Pengertian luka sectio caesaria adalah gangguan dalam kontinuitas sel akibat dari
pembedahan yang dilakukan untuk mengeluarkan janin dan plasenta, dengan membuka
dinding perut dengan indikasi tertentu.

2. Klasifikasi Jenis Luka Sectio Caesaria

Menurut Wiknjosastro (2005), luka Sectio Caesaria dapat diklasifikasikan menjadi 3 jenis
yaitu:

a. Sectio Caesaria Transperitonealis Profunda

Merupakan pembedahan yang paling banyak dilakukan dengan insisi di segmen bawah
uterus. Keunggulan pembedahan ini adalah perdarahan luka insisi tidak seberapa banyak.
Bahaya peritonitis tidakbesar. Parut pada uterus umumnya kuat sehingga bahaya rupture uteri
dikemudian hari tidak besar karena dalam masa nifas segmen bawah uterus tidak seberapa
banyak mengalami kontraksi seperti korpus uteri, sehingga luka dapat sembuh lebih
sempurna.

b.
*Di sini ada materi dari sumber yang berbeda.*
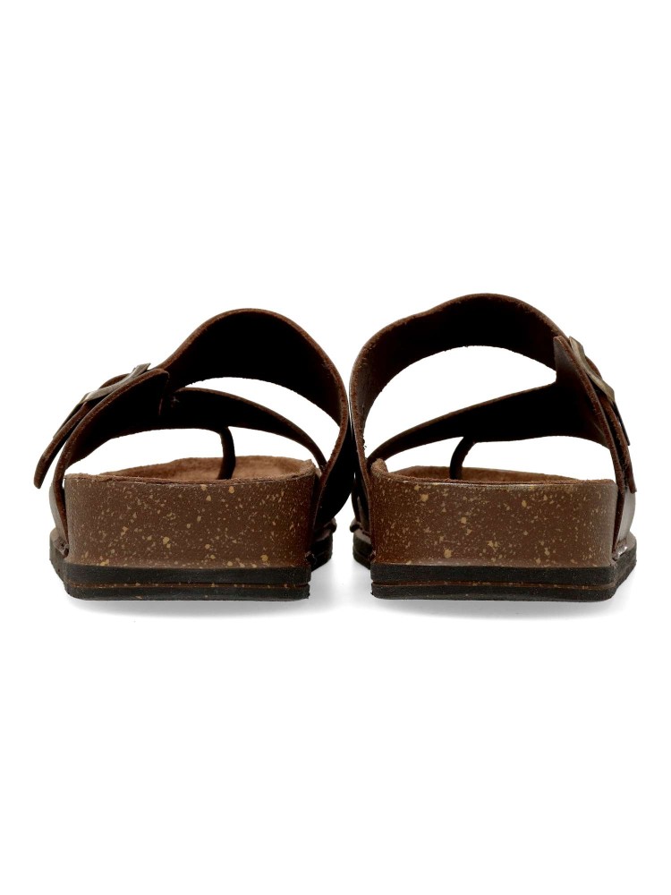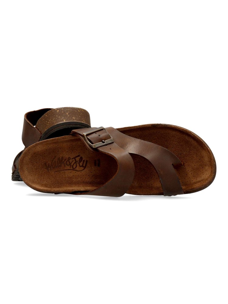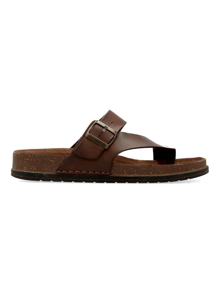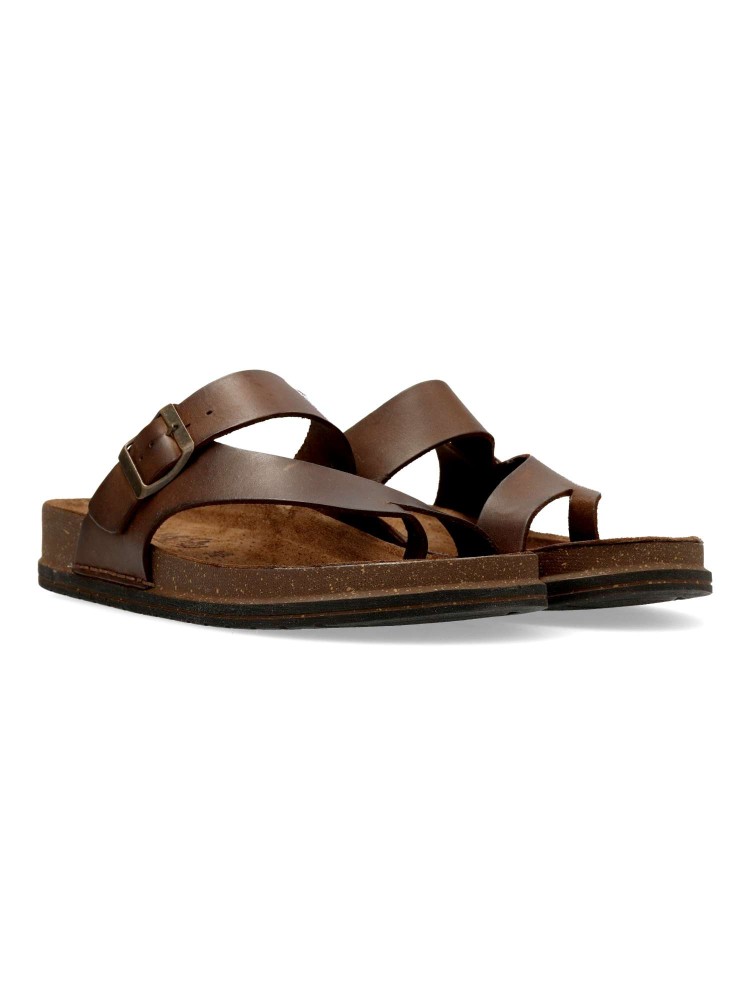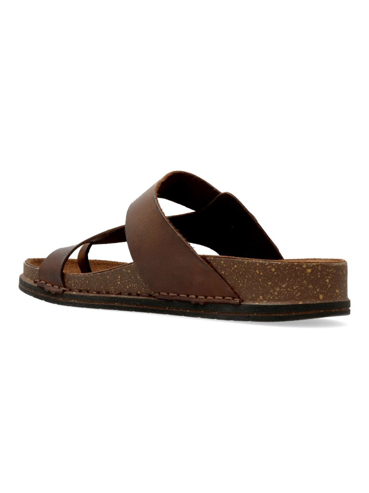 Sandalia cómoda de hombre fabricada en piel de primera calidad, con suela de goma termoplástica. Modelo tipo esclava con ajuste de hebilla. Planta acolchada. Disponible en color marrón. Diseño y confort en tus paseos de verano. Walk & Fly.
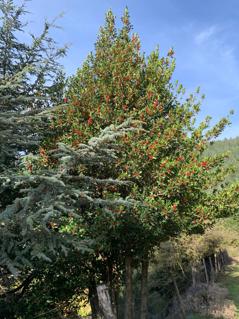 Pratesi, a proposito della foresta di agrifogli a monte della strada fra Santu Lussurgiu e Macomer: “L’agrifoglio: d’autunno, allorché le bacche diventano rosse, inizia il vandalico saccheggio dei fiorai che apre drammatici vuoti in questa formazione residua, certo una delle più importanti rimaste nell’Isola.” Ricordo molto bene come casa a natale si colorasse di quella artefatta atmosfera natalizia. A farne le spese abeti, tassi, muschio, agrifogli e tante altre specie vegetali ahiloro! deliberatamente associate alla nascita di un bambino avvenuta in Palestina 2mila anni prima o giù di lì.

Sectio Caesaria Klasik atau Sectio Caesaria Corporal

Merupakan pembuatan insisi pada bagian tengah korpus uteri sepanjang 10-12 cm dengan
ujung bawah di atas batas plika vesiko uterine. Insisi ini dibuat hanya diselenggarakan
apabila ada halangan untuk melakukan sectio caesaria transperitonealis profunda (misalnya
melekat eratnya uterus pada dinding perut karena Sectio Caesaria yang dahulu, insisi di
segmen bawah uterus mengandung bahaya perdarahan banyak berhubungan dengan letaknya
plasenta pada plasenta previa). Kekurangan pembedahan ini disebabkan oleh lebih besarnya
bahaya peritonitis, dan kira-kira 4 kali lebih bahaya rupture uteri pada kehamilan yang akan
datang. Sesudah Sectio Caesaria klasik sebaiknya dilakukan sterilisasi atau histerektomi.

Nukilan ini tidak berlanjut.